_GOAL OF THE EXERCISE_
Output all of the data exactly, keeping any images out of the copy.

_STORED DATA_
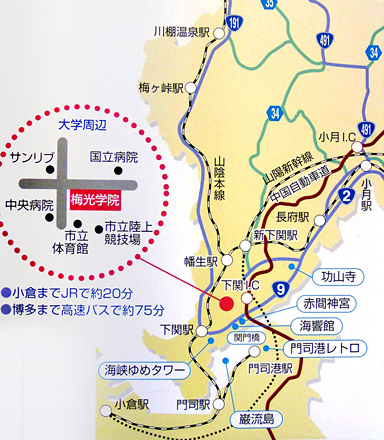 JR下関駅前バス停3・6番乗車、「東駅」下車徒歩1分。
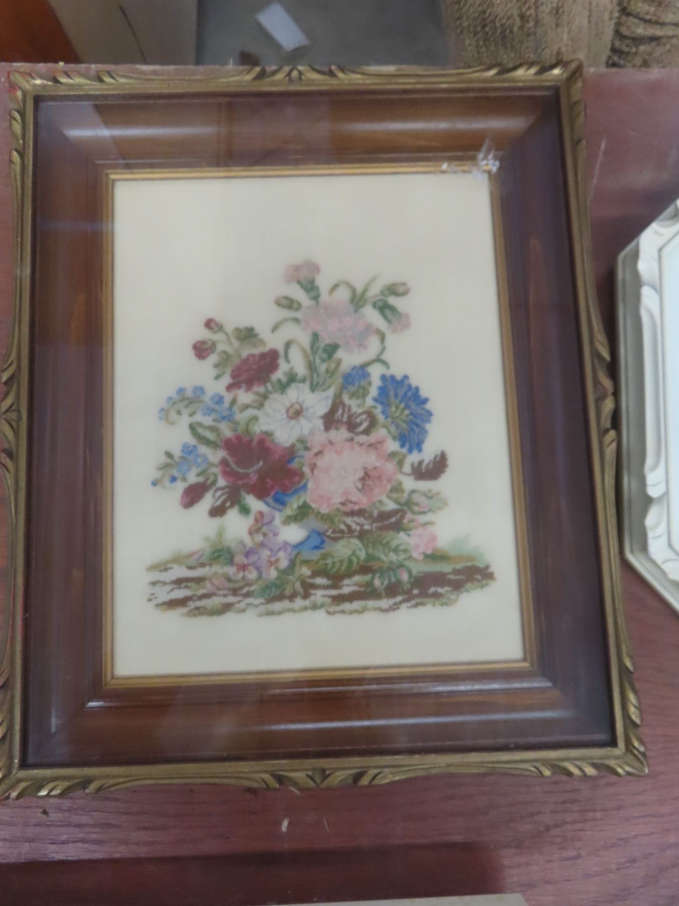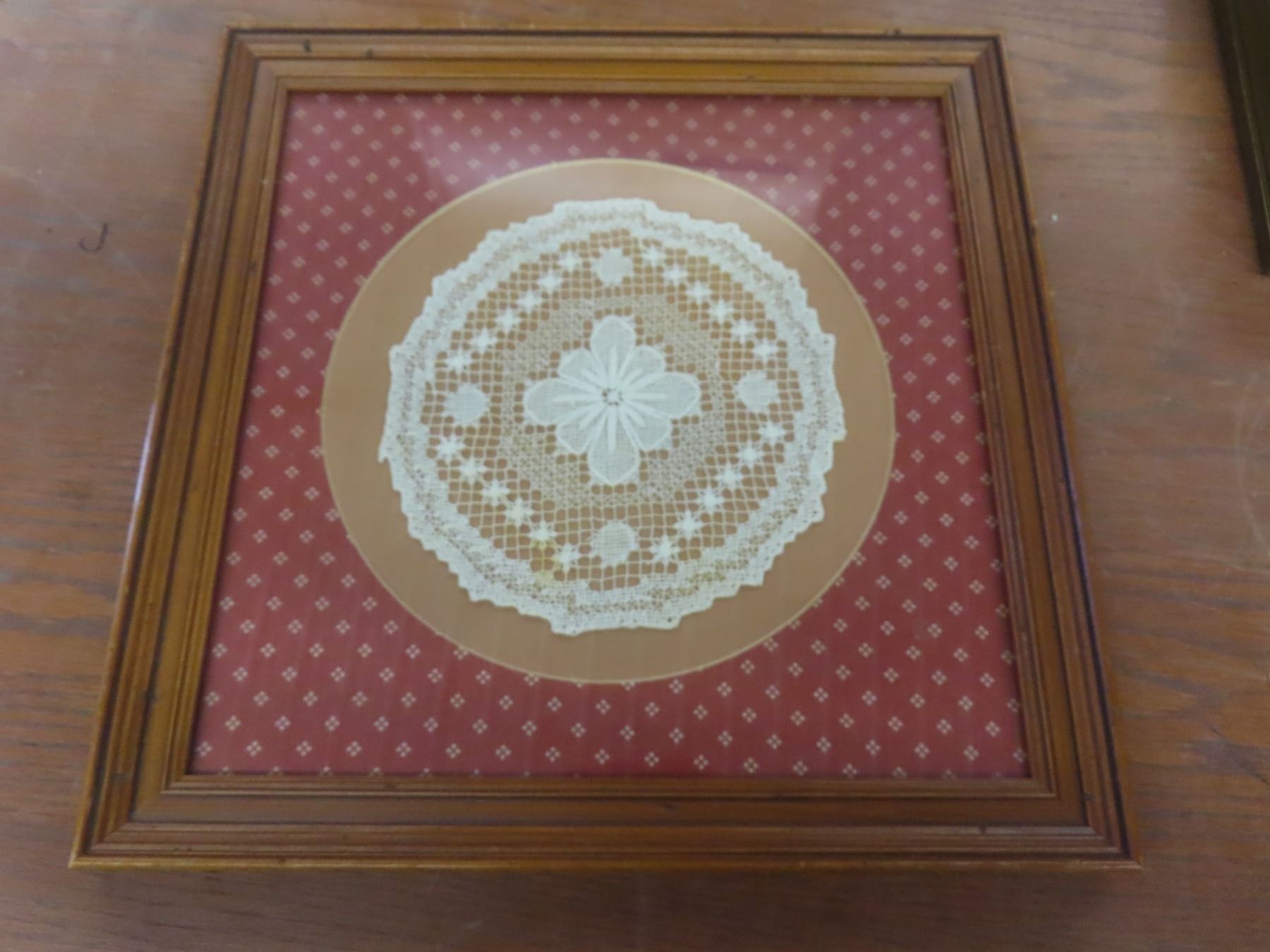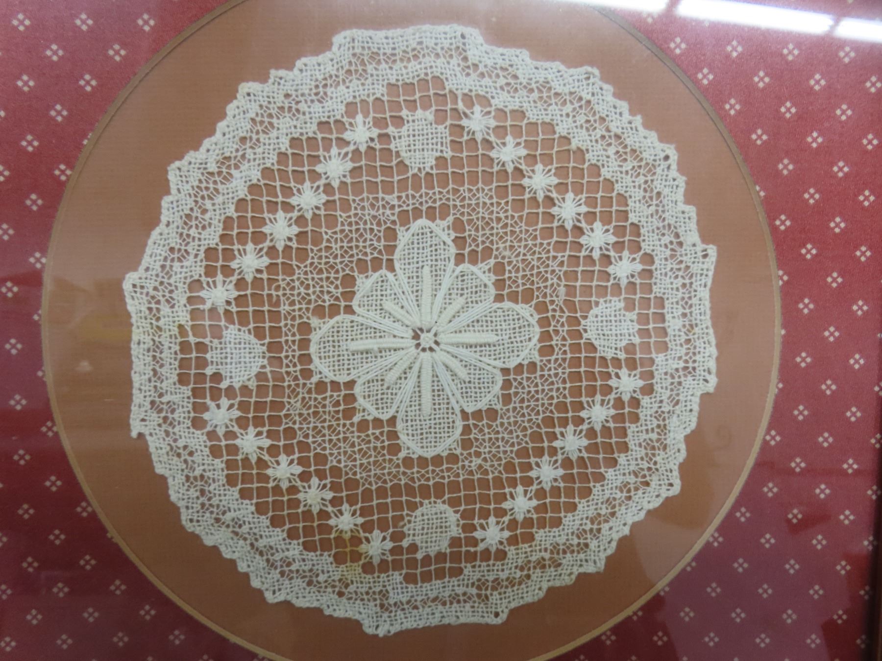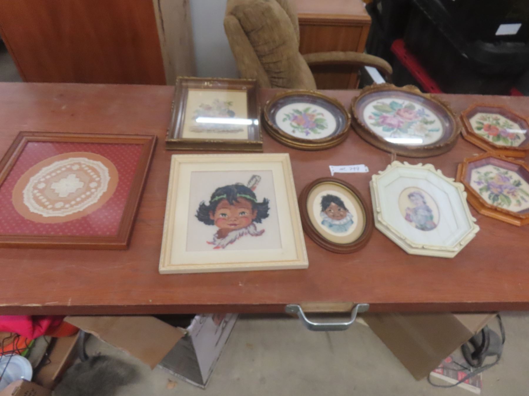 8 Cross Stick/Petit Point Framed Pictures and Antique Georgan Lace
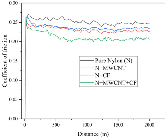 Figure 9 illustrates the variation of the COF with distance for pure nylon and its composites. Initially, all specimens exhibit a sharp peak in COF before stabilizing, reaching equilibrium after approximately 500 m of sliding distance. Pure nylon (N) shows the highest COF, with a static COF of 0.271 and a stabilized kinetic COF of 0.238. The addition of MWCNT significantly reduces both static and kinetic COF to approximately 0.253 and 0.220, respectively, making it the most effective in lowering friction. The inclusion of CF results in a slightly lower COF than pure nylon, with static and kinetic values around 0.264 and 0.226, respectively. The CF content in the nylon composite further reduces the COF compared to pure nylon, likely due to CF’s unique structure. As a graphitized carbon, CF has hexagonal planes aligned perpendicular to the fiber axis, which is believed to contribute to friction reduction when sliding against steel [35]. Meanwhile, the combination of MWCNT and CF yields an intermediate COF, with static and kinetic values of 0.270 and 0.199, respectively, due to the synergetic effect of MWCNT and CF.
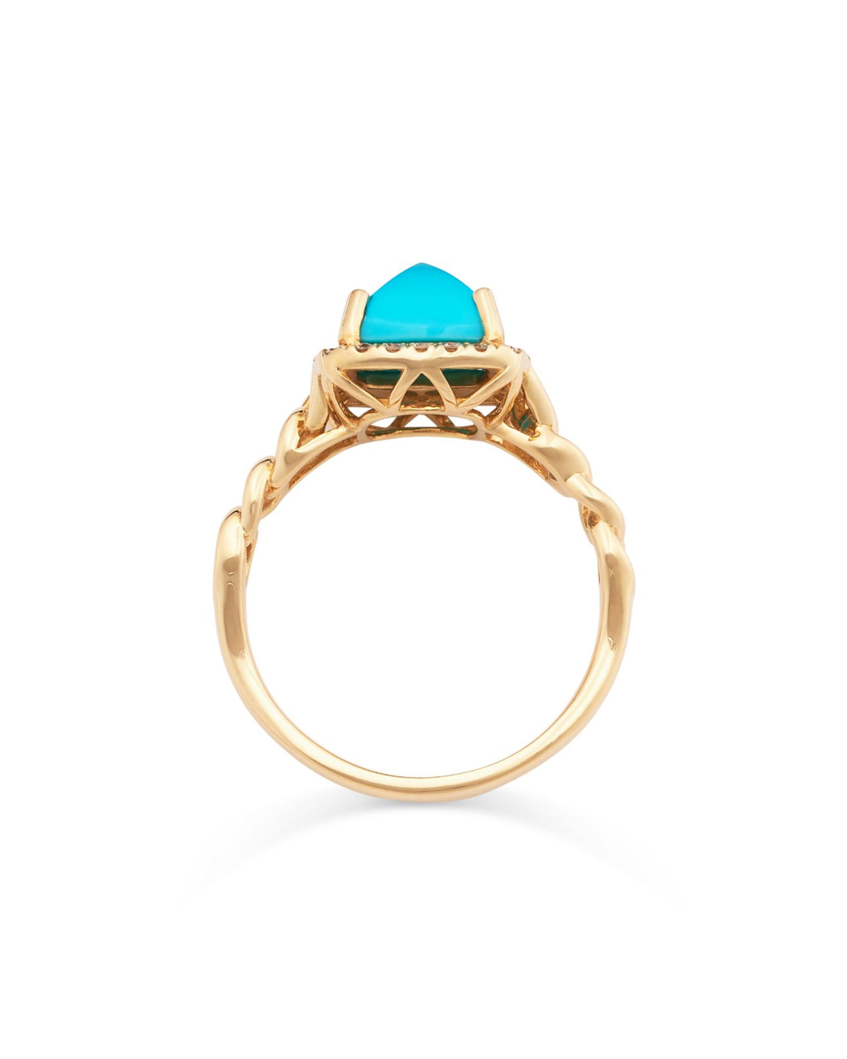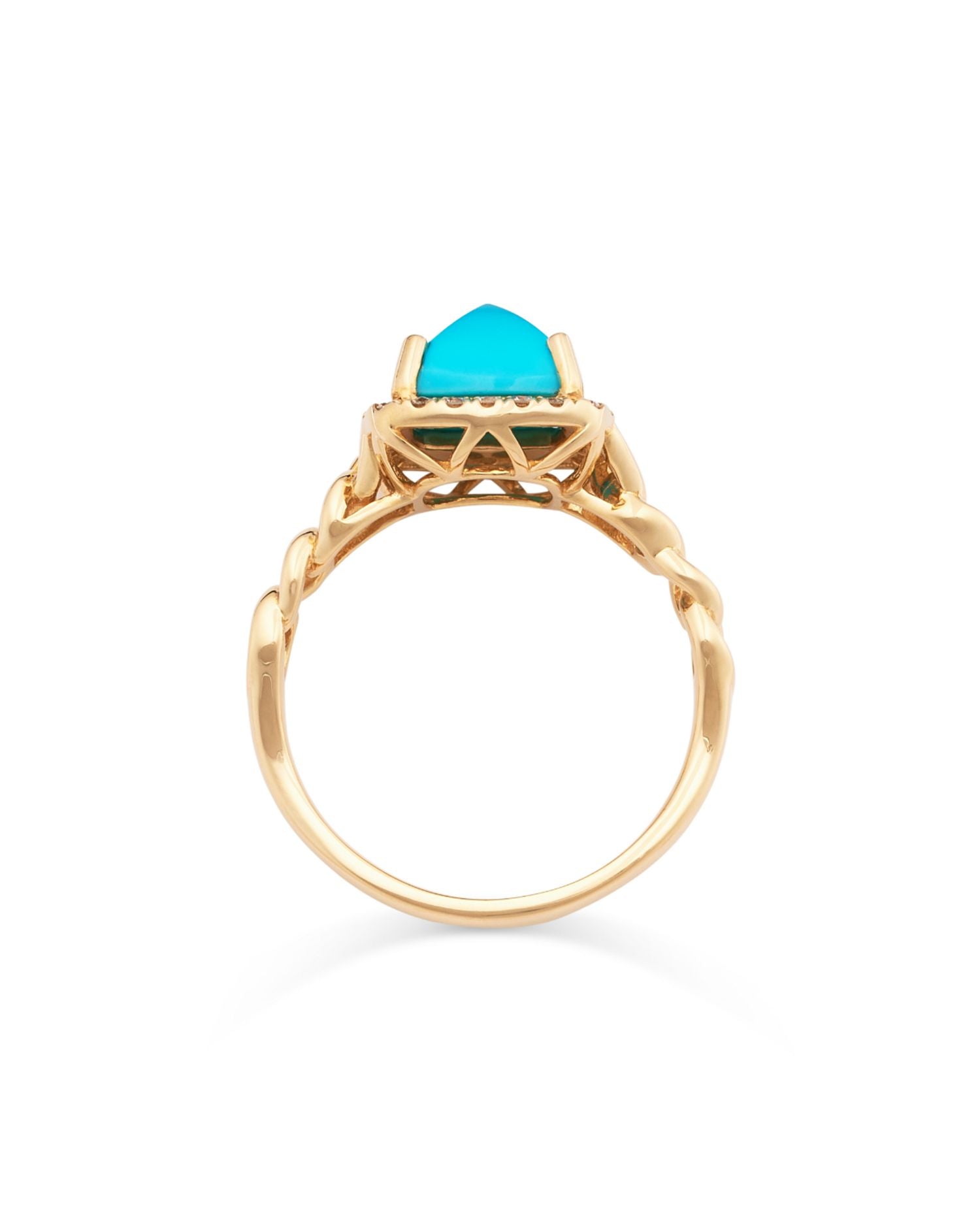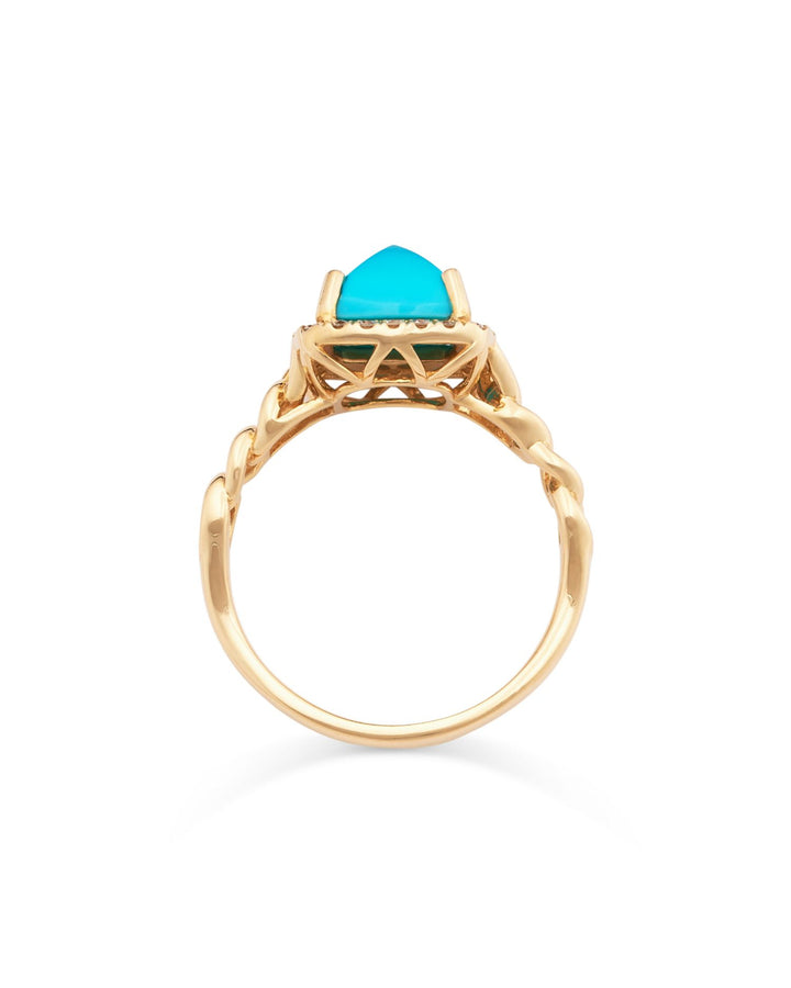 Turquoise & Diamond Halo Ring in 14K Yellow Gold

_WRITTEN SOLUTION_
 JR下関駅前バス停3・6番乗車、「東駅」下車徒歩1分。
 8 Cross Stick/Petit Point Framed Pictures and Antique Georgan Lace
 Figure 9 illustrates the variation of the COF with distance for pure nylon and its composites. Initially, all specimens exhibit a sharp peak in COF before stabilizing, reaching equilibrium after approximately 500 m of sliding distance. Pure nylon (N) shows the highest COF, with a static COF of 0.271 and a stabilized kinetic COF of 0.238. The addition of MWCNT significantly reduces both static and kinetic COF to approximately 0.253 and 0.220, respectively, making it the most effective in lowering friction. The inclusion of CF results in a slightly lower COF than pure nylon, with static and kinetic values around 0.264 and 0.226, respectively. The CF content in the nylon composite further reduces the COF compared to pure nylon, likely due to CF’s unique structure. As a graphitized carbon, CF has hexagonal planes aligned perpendicular to the fiber axis, which is believed to contribute to friction reduction when sliding against steel [35]. Meanwhile, the combination of MWCNT and CF yields an intermediate COF, with static and kinetic values of 0.270 and 0.199, respectively, due to the synergetic effect of MWCNT and CF.
 Turquoise & Diamond Halo Ring in 14K Yellow Gold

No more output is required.